### ASSIGNMENT
Leave out every picture and set down, exactly, the lines below from the one holding "張主任秘書(立者)於亞特蘭大僑務榮譽職座談餐會致詞" up to and including the one holding "Vista accesso da via Vittorio Veneto".
===== DATASET =====
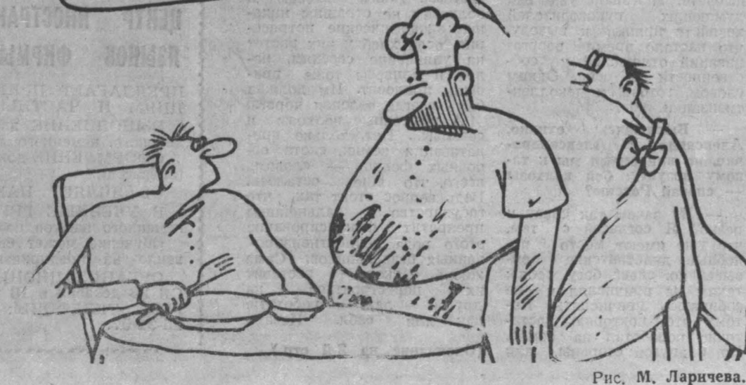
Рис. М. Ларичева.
=====
===== DATASET =====
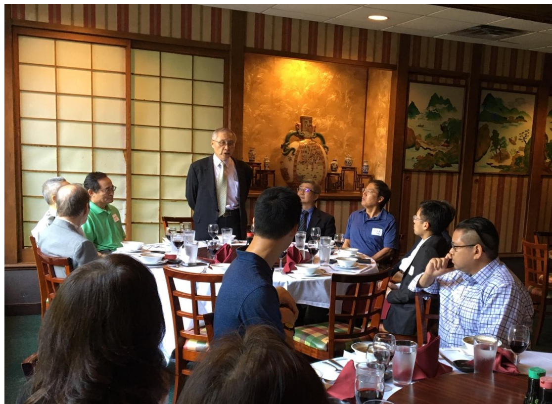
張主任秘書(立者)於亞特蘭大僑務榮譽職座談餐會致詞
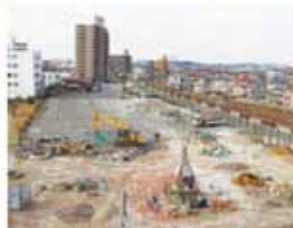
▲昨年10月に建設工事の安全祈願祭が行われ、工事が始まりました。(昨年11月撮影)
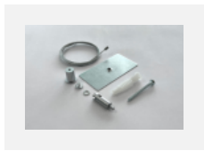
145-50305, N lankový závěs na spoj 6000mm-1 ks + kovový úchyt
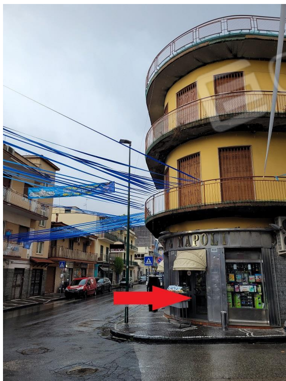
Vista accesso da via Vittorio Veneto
=====
### SOLUTION TO THE EXERCISE
張主任秘書(立者)於亞特蘭大僑務榮譽職座談餐會致詞
▲昨年10月に建設工事の安全祈願祭が行われ、工事が始まりました。(昨年11月撮影)
145-50305, N lankový závěs na spoj 6000mm-1 ks + kovový úchyt
Vista accesso da via Vittorio Veneto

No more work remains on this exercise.